This work addresses the challenge of autonomous driving systems struggling to handle rare or unforeseen scenarios in complex, open environments by proposing a novel five-layer MLOps architecture integrated with a collective learning mechanism. The architecture enables cross-fleet data collaboration and model sharing, and incorporates multi-level self-assessment to automatically identify and mitigate edge cases and black swan events. As the first framework to embed collective learning directly into the MLOps pipeline, this study provides a deployable blueprint for continuous learning and safety assurance in connected autonomous vehicles, significantly enhancing their adaptability and robustness in previously unencountered situations.
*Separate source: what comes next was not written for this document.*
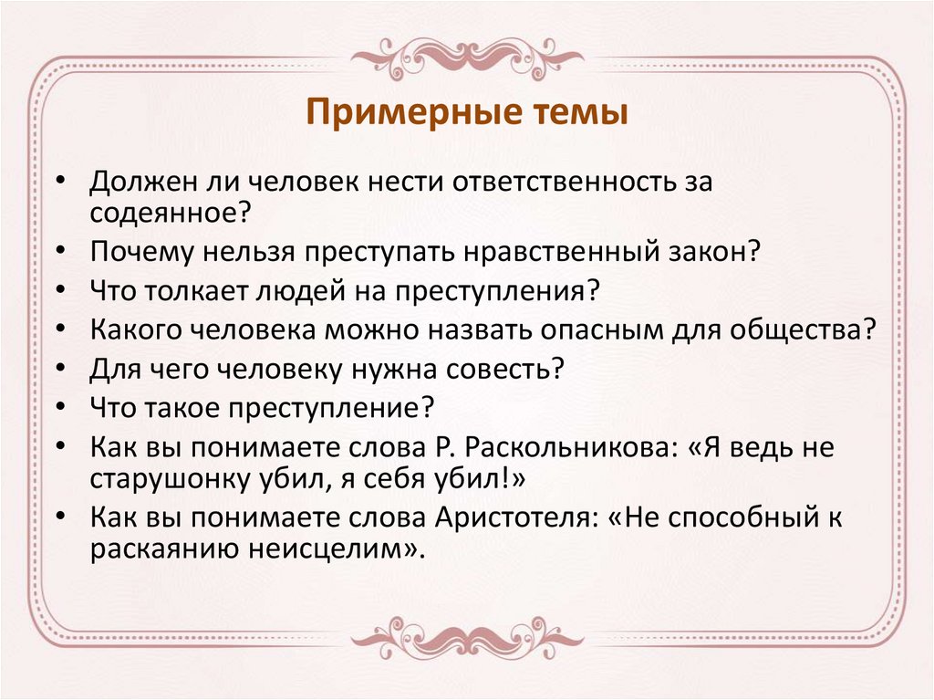 Примерные темы• Должен ли человек нести ответственность за

The continual assurance of safety and performance of automated driving systems (ADSs) poses significant challenges. ADSs operate in complex, dynamic, open-world environments allowing a wide range of scenarios, including ones that are rare or not foreseen during initial development. While the incorporation of artificial intelligence (AI) and machine learning (ML) technology allows ADSs to learn from data gathered during operation and thus enables them to adapt over time, these approaches come with their own challenges. A key advantage of ADSs compared to human drivers is their greater ability to gather data collectively across a fleet of vehicles, or even across multiple fleets operated by different entities, and to learn from this data collectively. Vehicles can share and combine their data to identify additional learning opportunities otherwise missed by individual vehicles. This creates new opportunities to tackle the challenges of continual assurance of safety and performance, but requires the implementation of architectures that leverage the collective learning potential. Based on established MLOps principles and existing work in the field of connected automated driving, this paper presents a five-layer architecture for collective learning-enabled MLOps processes for ADSs. The goal of this architecture is to provide a conceptual blueprint for the design and implementation of MLOps processes by fleet operators and other relevant stakeholders. The paper describes the main responsibilities of each layer, their interactions, and how multi-level self-assessments enabled by the architecture can support the detection and reduction of edge cases including black swan events.